Collected data entries

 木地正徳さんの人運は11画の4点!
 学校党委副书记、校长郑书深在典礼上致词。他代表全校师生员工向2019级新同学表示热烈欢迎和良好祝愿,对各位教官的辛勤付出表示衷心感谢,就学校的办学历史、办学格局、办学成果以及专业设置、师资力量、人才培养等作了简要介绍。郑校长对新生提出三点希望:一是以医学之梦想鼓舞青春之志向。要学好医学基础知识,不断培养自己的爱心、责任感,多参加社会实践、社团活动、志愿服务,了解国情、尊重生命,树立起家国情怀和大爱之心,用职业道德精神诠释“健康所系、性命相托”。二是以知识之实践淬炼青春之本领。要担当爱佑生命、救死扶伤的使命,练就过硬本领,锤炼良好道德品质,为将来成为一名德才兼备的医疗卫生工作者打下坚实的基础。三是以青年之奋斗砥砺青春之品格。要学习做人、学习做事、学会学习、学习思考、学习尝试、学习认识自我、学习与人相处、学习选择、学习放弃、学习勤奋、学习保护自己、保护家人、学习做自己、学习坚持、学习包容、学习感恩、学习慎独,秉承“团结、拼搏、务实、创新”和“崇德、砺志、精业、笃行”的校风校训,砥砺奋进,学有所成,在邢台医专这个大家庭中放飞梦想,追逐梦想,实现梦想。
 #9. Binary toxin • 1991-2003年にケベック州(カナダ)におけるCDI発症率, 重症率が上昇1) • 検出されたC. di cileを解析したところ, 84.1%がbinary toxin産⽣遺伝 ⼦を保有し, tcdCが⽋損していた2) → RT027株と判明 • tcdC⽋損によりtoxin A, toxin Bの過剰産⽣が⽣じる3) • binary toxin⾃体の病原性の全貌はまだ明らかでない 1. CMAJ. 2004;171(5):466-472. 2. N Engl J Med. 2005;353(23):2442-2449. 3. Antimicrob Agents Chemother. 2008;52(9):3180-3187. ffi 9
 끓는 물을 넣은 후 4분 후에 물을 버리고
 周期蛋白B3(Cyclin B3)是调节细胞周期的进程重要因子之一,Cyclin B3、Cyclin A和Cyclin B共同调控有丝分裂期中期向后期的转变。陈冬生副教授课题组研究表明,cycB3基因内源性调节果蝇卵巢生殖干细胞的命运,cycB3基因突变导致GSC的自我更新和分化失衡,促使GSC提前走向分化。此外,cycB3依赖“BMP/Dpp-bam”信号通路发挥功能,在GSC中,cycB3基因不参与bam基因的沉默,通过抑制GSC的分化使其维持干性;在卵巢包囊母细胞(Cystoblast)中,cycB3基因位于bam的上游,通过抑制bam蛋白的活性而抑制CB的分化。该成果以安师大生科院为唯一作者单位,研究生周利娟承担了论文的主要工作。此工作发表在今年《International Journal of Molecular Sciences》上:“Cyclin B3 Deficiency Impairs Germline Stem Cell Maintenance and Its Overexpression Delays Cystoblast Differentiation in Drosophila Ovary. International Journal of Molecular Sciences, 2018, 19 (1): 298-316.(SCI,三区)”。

Assignment:
Going from the line that contains "学校党委副书记、校长郑书深在" to the last line of the records, reproduce every line as written.

Output of the exercise:
 学校党委副书记、校长郑书深在典礼上致词。他代表全校师生员工向2019级新同学表示热烈欢迎和良好祝愿,对各位教官的辛勤付出表示衷心感谢,就学校的办学历史、办学格局、办学成果以及专业设置、师资力量、人才培养等作了简要介绍。郑校长对新生提出三点希望:一是以医学之梦想鼓舞青春之志向。要学好医学基础知识,不断培养自己的爱心、责任感,多参加社会实践、社团活动、志愿服务,了解国情、尊重生命,树立起家国情怀和大爱之心,用职业道德精神诠释“健康所系、性命相托”。二是以知识之实践淬炼青春之本领。要担当爱佑生命、救死扶伤的使命,练就过硬本领,锤炼良好道德品质,为将来成为一名德才兼备的医疗卫生工作者打下坚实的基础。三是以青年之奋斗砥砺青春之品格。要学习做人、学习做事、学会学习、学习思考、学习尝试、学习认识自我、学习与人相处、学习选择、学习放弃、学习勤奋、学习保护自己、保护家人、学习做自己、学习坚持、学习包容、学习感恩、学习慎独,秉承“团结、拼搏、务实、创新”和“崇德、砺志、精业、笃行”的校风校训,砥砺奋进,学有所成,在邢台医专这个大家庭中放飞梦想,追逐梦想,实现梦想。
 #9. Binary toxin • 1991-2003年にケベック州(カナダ)におけるCDI発症率, 重症率が上昇1) • 検出されたC. di cileを解析したところ, 84.1%がbinary toxin産⽣遺伝 ⼦を保有し, tcdCが⽋損していた2) → RT027株と判明 • tcdC⽋損によりtoxin A, toxin Bの過剰産⽣が⽣じる3) • binary toxin⾃体の病原性の全貌はまだ明らかでない 1. CMAJ. 2004;171(5):466-472. 2. N Engl J Med. 2005;353(23):2442-2449. 3. Antimicrob Agents Chemother. 2008;52(9):3180-3187. ffi 9
 끓는 물을 넣은 후 4분 후에 물을 버리고
 周期蛋白B3(Cyclin B3)是调节细胞周期的进程重要因子之一,Cyclin B3、Cyclin A和Cyclin B共同调控有丝分裂期中期向后期的转变。陈冬生副教授课题组研究表明,cycB3基因内源性调节果蝇卵巢生殖干细胞的命运,cycB3基因突变导致GSC的自我更新和分化失衡,促使GSC提前走向分化。此外,cycB3依赖“BMP/Dpp-bam”信号通路发挥功能,在GSC中,cycB3基因不参与bam基因的沉默,通过抑制GSC的分化使其维持干性;在卵巢包囊母细胞(Cystoblast)中,cycB3基因位于bam的上游,通过抑制bam蛋白的活性而抑制CB的分化。该成果以安师大生科院为唯一作者单位,研究生周利娟承担了论文的主要工作。此工作发表在今年《International Journal of Molecular Sciences》上:“Cyclin B3 Deficiency Impairs Germline Stem Cell Maintenance and Its Overexpression Delays Cystoblast Differentiation in Drosophila Ovary. International Journal of Molecular Sciences, 2018, 19 (1): 298-316.(SCI,三区)”。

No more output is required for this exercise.